Dataset records:
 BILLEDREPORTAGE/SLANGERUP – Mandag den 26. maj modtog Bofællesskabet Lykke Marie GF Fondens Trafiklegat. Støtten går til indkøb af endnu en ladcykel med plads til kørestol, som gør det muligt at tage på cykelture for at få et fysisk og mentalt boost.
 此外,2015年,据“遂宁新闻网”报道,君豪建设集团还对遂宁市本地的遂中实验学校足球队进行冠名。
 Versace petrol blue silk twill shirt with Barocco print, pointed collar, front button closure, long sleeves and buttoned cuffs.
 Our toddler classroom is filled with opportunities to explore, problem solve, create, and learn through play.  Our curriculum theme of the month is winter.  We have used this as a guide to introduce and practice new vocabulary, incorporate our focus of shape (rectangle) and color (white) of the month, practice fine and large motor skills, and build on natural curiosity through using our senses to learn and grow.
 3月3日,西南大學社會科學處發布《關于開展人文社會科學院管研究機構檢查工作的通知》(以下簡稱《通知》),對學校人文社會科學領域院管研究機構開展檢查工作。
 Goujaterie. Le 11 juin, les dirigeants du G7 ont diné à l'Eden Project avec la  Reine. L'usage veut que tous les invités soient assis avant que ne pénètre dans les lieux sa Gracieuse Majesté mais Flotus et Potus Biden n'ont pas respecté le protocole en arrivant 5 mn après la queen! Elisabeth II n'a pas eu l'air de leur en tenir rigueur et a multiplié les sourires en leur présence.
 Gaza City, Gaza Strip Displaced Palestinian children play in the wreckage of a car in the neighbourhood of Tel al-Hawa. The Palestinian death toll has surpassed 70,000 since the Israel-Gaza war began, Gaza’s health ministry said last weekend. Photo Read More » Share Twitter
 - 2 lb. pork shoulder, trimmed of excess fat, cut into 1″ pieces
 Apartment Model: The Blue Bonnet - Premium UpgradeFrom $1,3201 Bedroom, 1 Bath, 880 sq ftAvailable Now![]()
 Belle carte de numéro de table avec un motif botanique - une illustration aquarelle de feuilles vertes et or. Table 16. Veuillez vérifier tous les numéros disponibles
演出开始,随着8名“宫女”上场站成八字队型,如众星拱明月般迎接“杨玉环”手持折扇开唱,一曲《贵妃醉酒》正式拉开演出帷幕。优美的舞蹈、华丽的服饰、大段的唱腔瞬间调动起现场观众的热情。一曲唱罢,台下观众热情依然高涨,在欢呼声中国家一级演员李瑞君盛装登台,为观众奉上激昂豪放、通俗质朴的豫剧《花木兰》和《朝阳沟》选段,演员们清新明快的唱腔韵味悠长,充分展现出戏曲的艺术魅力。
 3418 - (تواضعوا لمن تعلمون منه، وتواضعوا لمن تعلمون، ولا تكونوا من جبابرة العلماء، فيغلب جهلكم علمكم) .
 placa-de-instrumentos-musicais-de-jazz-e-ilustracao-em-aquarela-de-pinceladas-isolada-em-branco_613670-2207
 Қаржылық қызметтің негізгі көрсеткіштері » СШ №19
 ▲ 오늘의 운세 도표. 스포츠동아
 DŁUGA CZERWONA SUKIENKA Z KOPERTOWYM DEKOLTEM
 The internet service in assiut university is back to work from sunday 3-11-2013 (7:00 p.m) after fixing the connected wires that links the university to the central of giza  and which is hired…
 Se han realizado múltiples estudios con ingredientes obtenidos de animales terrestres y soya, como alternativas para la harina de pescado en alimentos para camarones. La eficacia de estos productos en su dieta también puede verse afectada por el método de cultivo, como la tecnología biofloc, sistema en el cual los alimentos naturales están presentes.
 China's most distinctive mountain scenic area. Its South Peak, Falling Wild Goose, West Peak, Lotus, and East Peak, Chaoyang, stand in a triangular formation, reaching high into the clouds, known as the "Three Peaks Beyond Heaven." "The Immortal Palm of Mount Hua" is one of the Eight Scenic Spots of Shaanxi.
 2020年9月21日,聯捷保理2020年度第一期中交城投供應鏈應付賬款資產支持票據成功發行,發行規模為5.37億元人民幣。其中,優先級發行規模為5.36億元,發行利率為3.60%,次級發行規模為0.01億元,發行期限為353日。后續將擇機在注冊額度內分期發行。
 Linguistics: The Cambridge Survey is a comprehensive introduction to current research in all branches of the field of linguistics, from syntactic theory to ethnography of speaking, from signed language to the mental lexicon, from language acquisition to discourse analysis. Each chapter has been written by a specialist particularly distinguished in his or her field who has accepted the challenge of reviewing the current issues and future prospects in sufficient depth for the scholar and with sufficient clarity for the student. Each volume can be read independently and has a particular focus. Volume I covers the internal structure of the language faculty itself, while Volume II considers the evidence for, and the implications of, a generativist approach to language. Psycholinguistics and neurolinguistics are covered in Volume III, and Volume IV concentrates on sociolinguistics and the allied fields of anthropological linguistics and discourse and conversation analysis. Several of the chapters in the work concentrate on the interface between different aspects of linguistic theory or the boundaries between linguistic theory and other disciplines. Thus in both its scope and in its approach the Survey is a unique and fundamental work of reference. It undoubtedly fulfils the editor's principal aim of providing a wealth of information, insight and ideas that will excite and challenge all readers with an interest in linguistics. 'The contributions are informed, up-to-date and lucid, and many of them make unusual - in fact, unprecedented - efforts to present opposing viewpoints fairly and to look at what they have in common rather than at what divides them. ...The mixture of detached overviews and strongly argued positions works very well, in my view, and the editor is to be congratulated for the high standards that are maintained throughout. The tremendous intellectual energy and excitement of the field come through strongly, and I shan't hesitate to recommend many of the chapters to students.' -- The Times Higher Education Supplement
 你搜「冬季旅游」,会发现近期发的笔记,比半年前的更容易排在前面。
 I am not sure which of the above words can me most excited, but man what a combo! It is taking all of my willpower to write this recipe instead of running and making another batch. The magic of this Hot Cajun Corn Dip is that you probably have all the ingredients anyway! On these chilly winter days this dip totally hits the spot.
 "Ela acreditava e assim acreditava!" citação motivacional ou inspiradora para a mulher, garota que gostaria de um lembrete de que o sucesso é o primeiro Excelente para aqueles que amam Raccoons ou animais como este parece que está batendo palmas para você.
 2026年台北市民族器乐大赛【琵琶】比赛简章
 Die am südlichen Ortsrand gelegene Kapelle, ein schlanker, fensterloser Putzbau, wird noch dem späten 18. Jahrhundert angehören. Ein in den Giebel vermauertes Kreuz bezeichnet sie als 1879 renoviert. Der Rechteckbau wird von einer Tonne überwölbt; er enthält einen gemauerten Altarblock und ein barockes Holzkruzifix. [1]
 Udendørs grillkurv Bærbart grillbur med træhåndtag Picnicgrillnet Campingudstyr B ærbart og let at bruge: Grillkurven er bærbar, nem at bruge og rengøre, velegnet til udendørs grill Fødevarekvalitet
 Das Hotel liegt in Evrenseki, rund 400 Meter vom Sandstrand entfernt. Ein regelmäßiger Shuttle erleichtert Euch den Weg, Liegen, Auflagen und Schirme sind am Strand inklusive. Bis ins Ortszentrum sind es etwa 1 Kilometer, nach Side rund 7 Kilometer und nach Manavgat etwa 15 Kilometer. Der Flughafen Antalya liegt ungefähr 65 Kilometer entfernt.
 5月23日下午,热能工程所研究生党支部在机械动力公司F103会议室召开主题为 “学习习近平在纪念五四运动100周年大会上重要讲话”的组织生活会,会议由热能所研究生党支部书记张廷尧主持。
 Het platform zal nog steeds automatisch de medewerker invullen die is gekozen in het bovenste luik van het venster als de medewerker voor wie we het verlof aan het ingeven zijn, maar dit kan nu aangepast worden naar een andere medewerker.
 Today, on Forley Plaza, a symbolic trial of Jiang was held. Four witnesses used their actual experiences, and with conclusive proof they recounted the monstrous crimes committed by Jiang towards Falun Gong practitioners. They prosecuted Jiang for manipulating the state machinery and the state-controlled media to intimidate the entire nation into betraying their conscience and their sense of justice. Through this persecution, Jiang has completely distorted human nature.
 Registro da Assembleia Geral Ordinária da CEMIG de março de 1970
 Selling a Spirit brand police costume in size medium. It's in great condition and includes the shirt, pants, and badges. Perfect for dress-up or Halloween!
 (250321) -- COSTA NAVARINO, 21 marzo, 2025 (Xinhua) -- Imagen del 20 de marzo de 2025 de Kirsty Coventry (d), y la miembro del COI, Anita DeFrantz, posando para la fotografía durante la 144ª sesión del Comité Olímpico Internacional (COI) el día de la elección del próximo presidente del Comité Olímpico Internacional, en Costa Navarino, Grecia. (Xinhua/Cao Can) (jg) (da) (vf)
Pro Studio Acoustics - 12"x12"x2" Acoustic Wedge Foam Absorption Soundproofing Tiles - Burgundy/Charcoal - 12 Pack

Your goal:
I'd like the number of lines in the listing above that contain the string "avec", and only the number.

Answer area:
2